• _Material shown_:

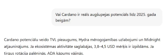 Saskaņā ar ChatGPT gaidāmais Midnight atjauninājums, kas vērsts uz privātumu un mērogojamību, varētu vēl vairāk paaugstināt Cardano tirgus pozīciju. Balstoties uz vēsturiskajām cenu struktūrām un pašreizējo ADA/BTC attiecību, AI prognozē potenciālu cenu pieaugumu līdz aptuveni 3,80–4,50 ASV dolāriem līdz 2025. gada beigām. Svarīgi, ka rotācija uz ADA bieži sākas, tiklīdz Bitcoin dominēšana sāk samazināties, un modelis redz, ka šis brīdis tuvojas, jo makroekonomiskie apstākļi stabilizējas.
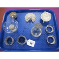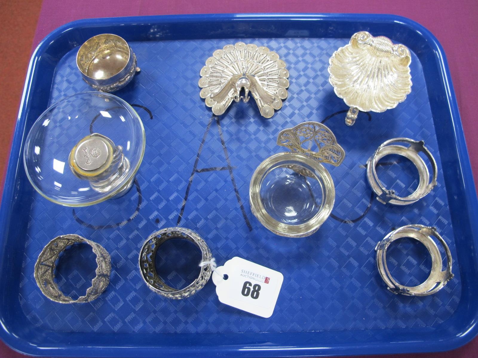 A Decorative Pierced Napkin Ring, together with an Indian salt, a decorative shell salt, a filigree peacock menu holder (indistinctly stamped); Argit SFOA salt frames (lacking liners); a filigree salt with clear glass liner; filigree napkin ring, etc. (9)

---

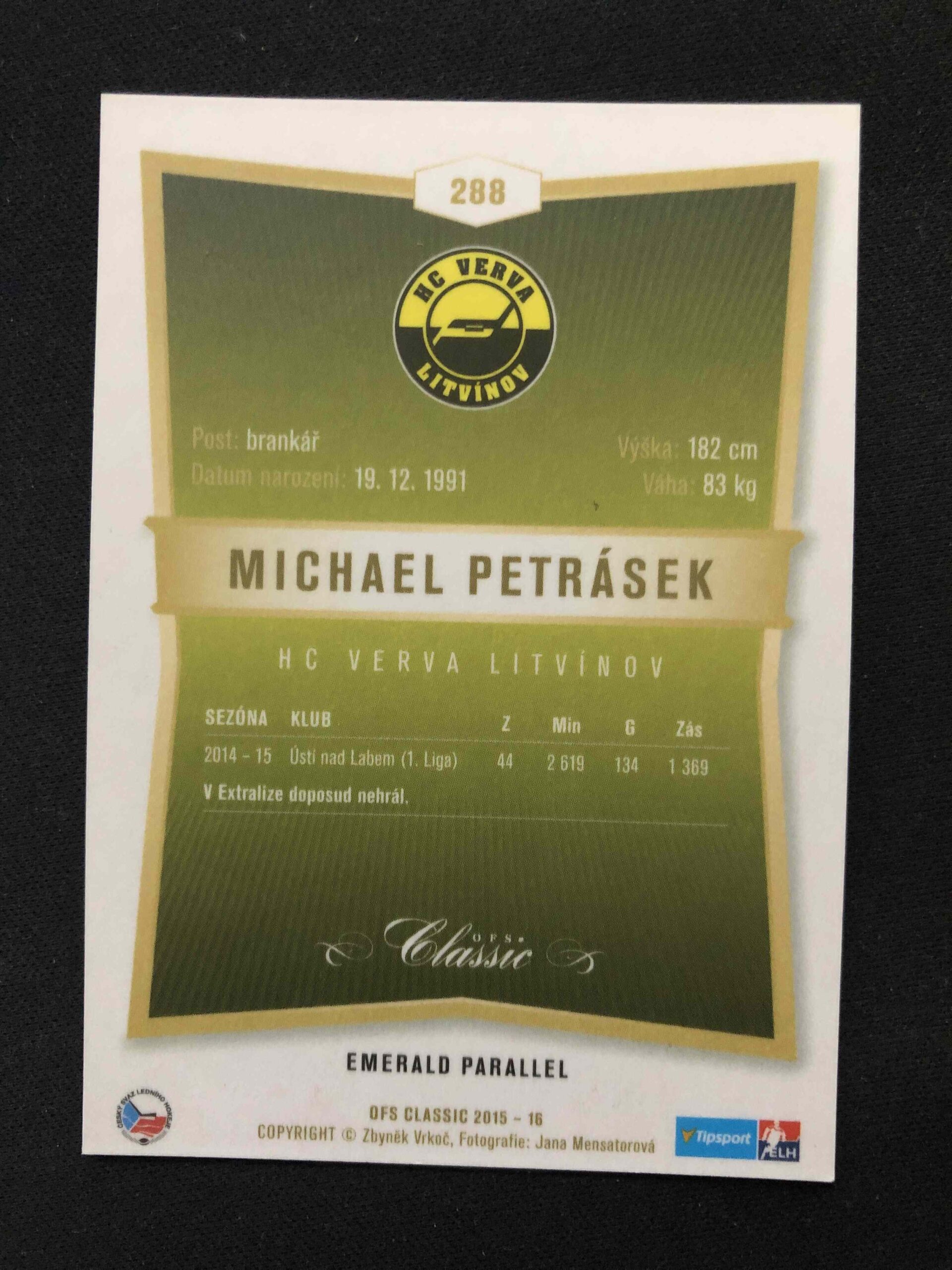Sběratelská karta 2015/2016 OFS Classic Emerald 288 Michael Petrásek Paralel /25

• _Exercise details_: Return only the stretch above from the line containing "Saskaņā ar ChatGPT" through the line containing "A Decorative Pierced", word for word and without pictures.

• _Answer for the task_:
 Saskaņā ar ChatGPT gaidāmais Midnight atjauninājums, kas vērsts uz privātumu un mērogojamību, varētu vēl vairāk paaugstināt Cardano tirgus pozīciju. Balstoties uz vēsturiskajām cenu struktūrām un pašreizējo ADA/BTC attiecību, AI prognozē potenciālu cenu pieaugumu līdz aptuveni 3,80–4,50 ASV dolāriem līdz 2025. gada beigām. Svarīgi, ka rotācija uz ADA bieži sākas, tiklīdz Bitcoin dominēšana sāk samazināties, un modelis redz, ka šis brīdis tuvojas, jo makroekonomiskie apstākļi stabilizējas.
 A Decorative Pierced Napkin Ring, together with an Indian salt, a decorative shell salt, a filigree peacock menu holder (indistinctly stamped); Argit SFOA salt frames (lacking liners); a filigree salt with clear glass liner; filigree napkin ring, etc. (9)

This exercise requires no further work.